Talking with hundreds of companies over the past year about our stock plan and corporate governance applications, we've seen the "tectonic shift" that some analysts have referred to with regard to the acceptance of SaaS applications in the business application market. Even Bill Gates has referred to it as a "sea change" that has arrived and the Microsoft Chief Software Architect, Ray Ozzie, has been pushing it as inevitable. Perhaps the change in attitude started with Salesforce.com and Google Apps, with a slight nudge from Youtube, Facebook, and Craig's List, but it has clearly arrived. Having watched the change in attitudes and acceptance from real buyers between the beginning of 2007 and today, I wondered what has accounted for the shift in the acceptance of online applications by somewhat conservative business, financial and legal executives who are generally not technology "early adopters."

The primary impetus is that most internal IT executives, the ones that need to make the decision on whether to sign off on a new SaaS application, now are proponents of hosted applications and agree that in most cases SaaS applications have as good or better systems infrastructure as they could provide for their own internally installed applications. But, what is the cause of their shift in attitudes between 2006 and 2007? Infrastructure improvements.

First, the bar has been raised for the standard offerings from the top hosting providers that now offer a level of reliability, redundancy, security, and data backup that is difficult for a single company to match. Second, the bar has been raised for software application providers so that every enterprise level business application must offer an infrastructure that is properly configured, tested and hosted at a leading hosting provider. There is no longer any excuse for downtime from a SaaS provider of mission critical business applications. Whether you are Salesforce.com, RIM Blackberry, or Two Step Software, customers expect the same standard for service level agreements and zero downtime. Not to say it can't happen despite the highest levels of technology diligence, as we have experienced from almost every one of Two Step's SaaS providers, but every step should be taken to reduce the risk.

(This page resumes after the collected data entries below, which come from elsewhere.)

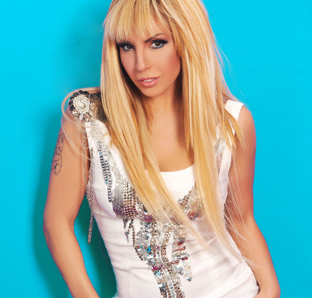 Photo of Zeynep Dizdar, Turkish singer.
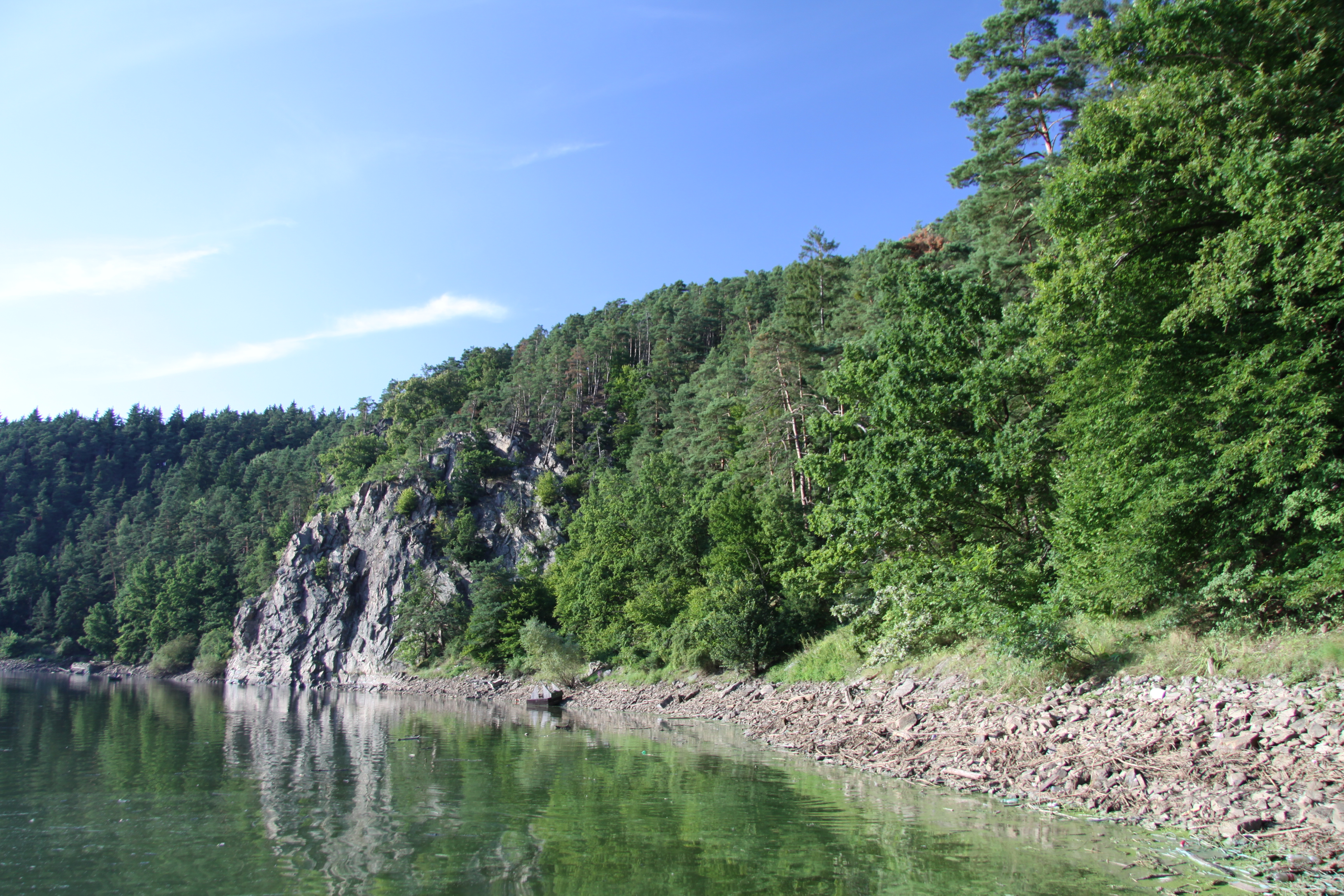 Natural reservation called "Výří skály u Oslova" near Tukleky village on the bank of Otava River, Písek District, Czech republic.
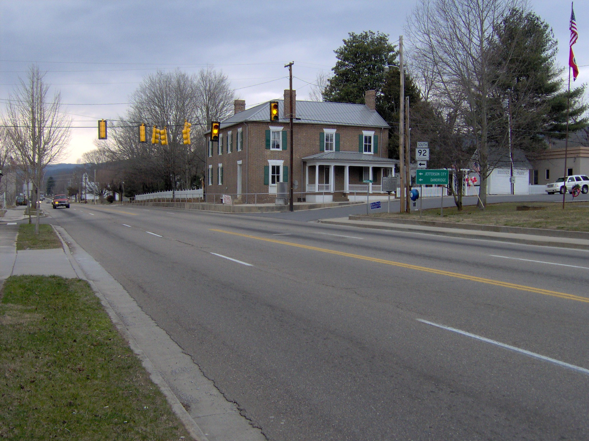 Rutledge Pike (US-11W) in Rutledge, Tennessee, in the southeastern United States. The structure at center is the Nance Building, built in the mid-1800s and placed on the National Register of Historic Places in 1998.
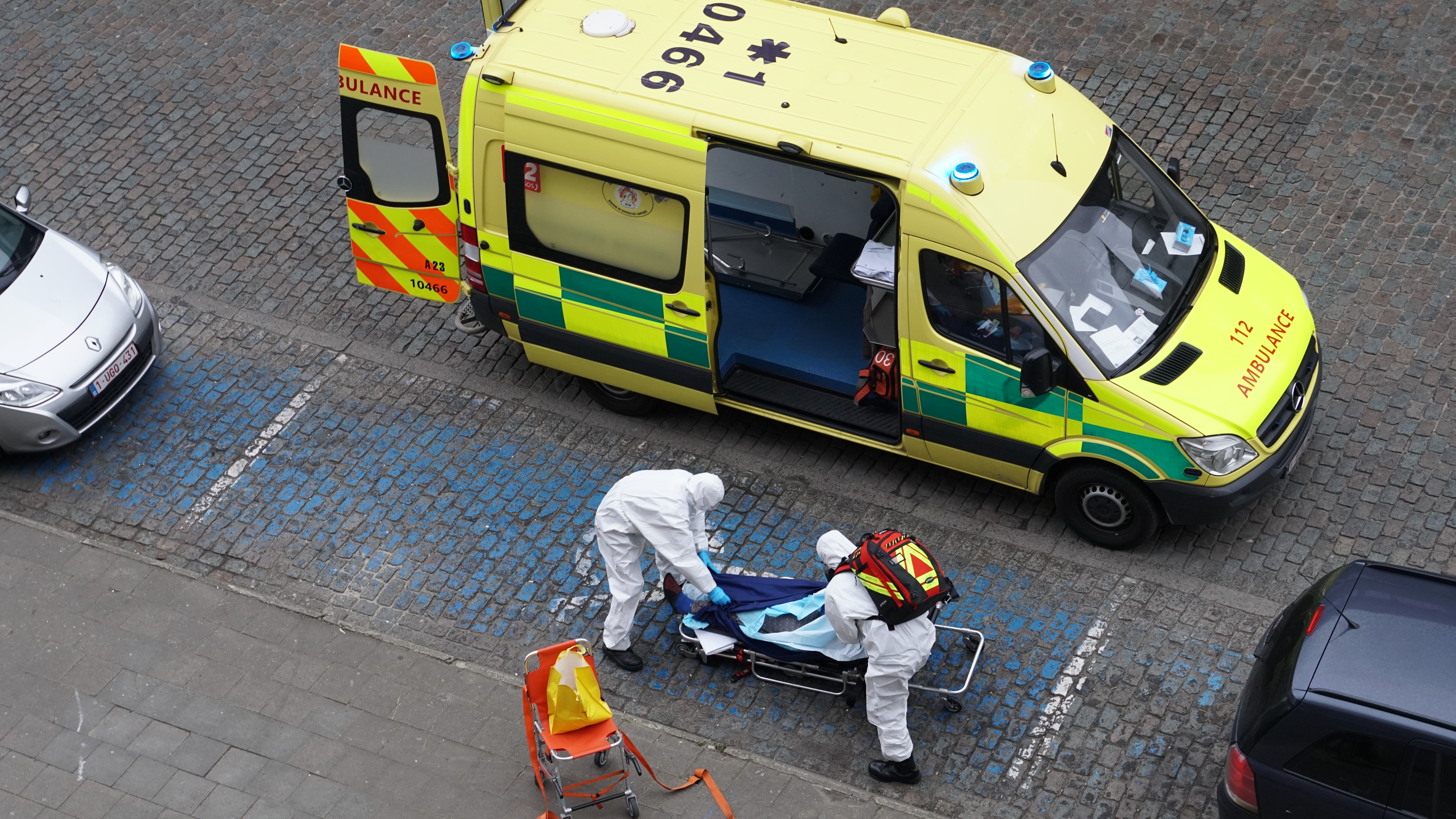 Divers 2020 - March Photos of March 2020 Photos de mars 2020 ( Diverses photos prisent en 2020 sans sujet reel. Various pictures taken in 2020 without real subject. )
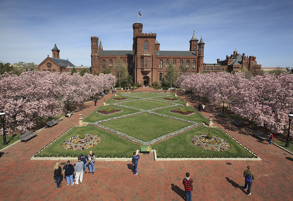 The Parterre, the centerpiece of the Haupt Garden, is a carefully manicured garden with a changing palette of colors, shapes, and textrues. Because formal parterres are typically associated with the elaborate designs of the Victorian era, a garden type was a natural choice to complement the ornate architecture fo the adjacent Smithsonian Castle. Throughout the year, layers of colorful plantings are meticulously laid out in symmetrical patters that are redesigned every few seasons. Designs incorporate such motifs as diamonds, fleurs-de-lis, scallops, and swags.
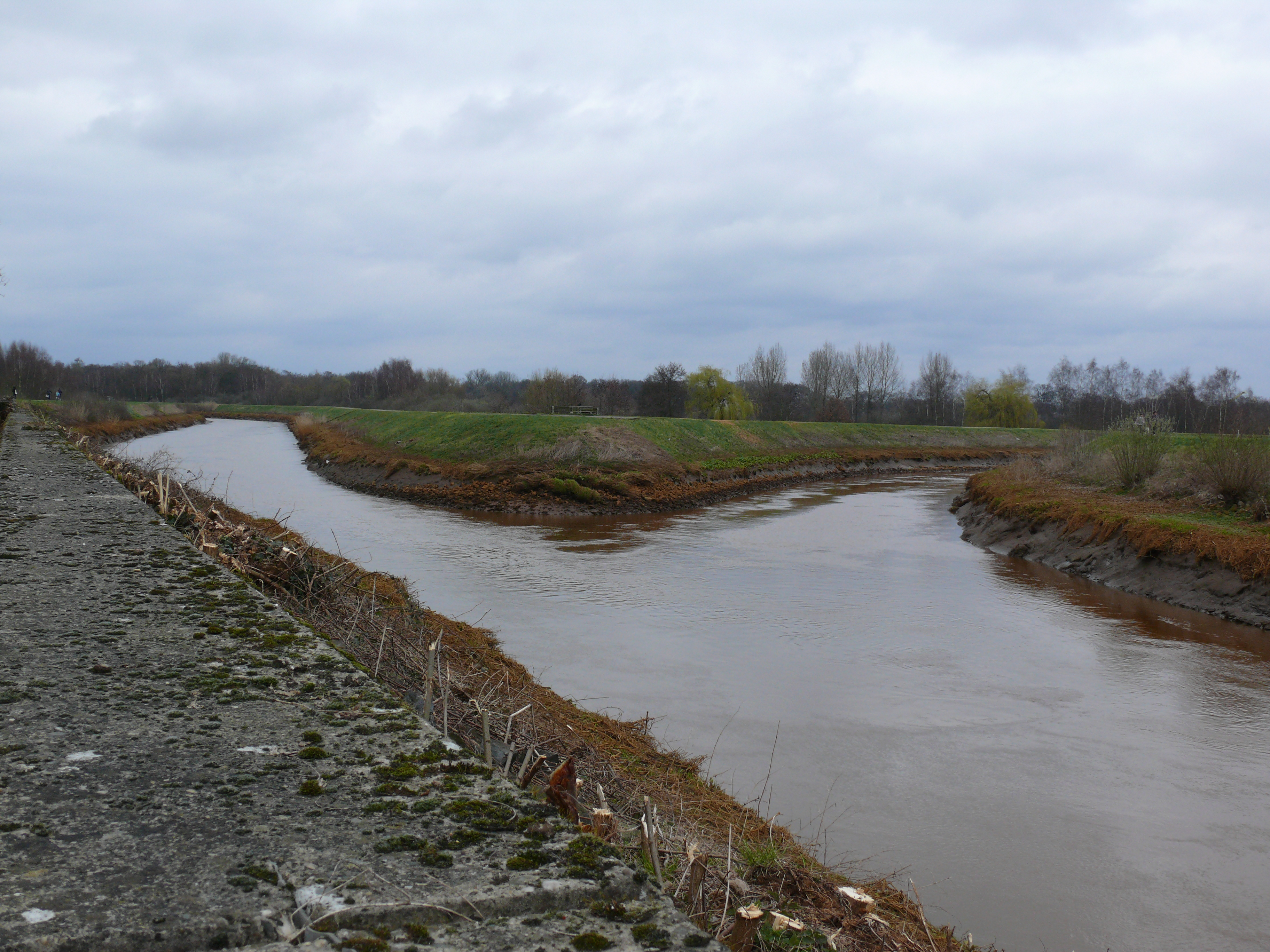 The confluence of the Kleine Nete and the Grote Nete at Lier, Belgium, where they become the Nete
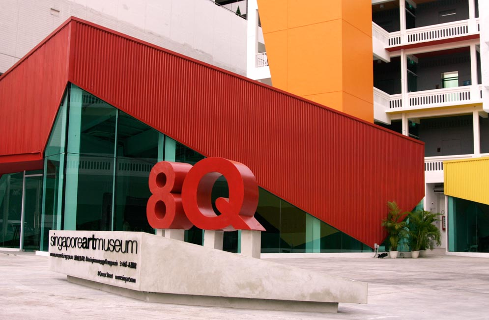 Glass hall and sign of 8Q SAM on Queen Street.
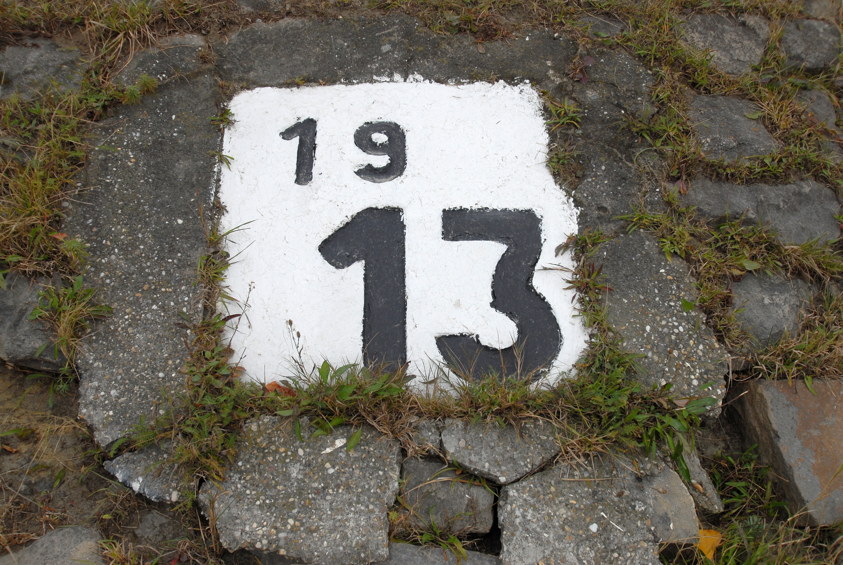 Milestone of the river Danube in Vienna, Austria

There are five basic areas to think about when looking at a SaaS provider:

1. Security: Physical on-premise security; personnel selection; user authentication; and preventing unauthorized access
2. Redundancy: power supplies; internet access; hardware, and failover systems
3. Monitoring: 24/7 application, server, network, and user access
4. Data Back Up: Daily and intermittent on-site and off-site backups
5. Getting Your Data: Retrieval of data when service ends

For instance, at Two Step Software, we use one of the nation's leading managed hosting providers that offers a zero downtime guarantee and provides a level of physical, operational, and system security that would be difficult for any business to match. (see: http://www.twostep.com/solutions/install_options.asp) It's like your own systems, on steroids with redundant internet access, back-up power supplies, physical and online access security, redundant hardware as well as back up inventory, 24/7 monitoring, and daily data backups.

We believe that once you find an application that satisfies your business requirements, you shouldn't have to worry about the application hosting infrastructure. Let your SaaS provider focus on the details of delivering a reliable and high performance infrastructure so you can focus on your business needs. Although you can't take a walk through your SaaS vendor's hosting location, look for a SaaS provider with an excellent reputation and one that offers a technical infrastructure that you feel is superior to your own. Then, rest easy.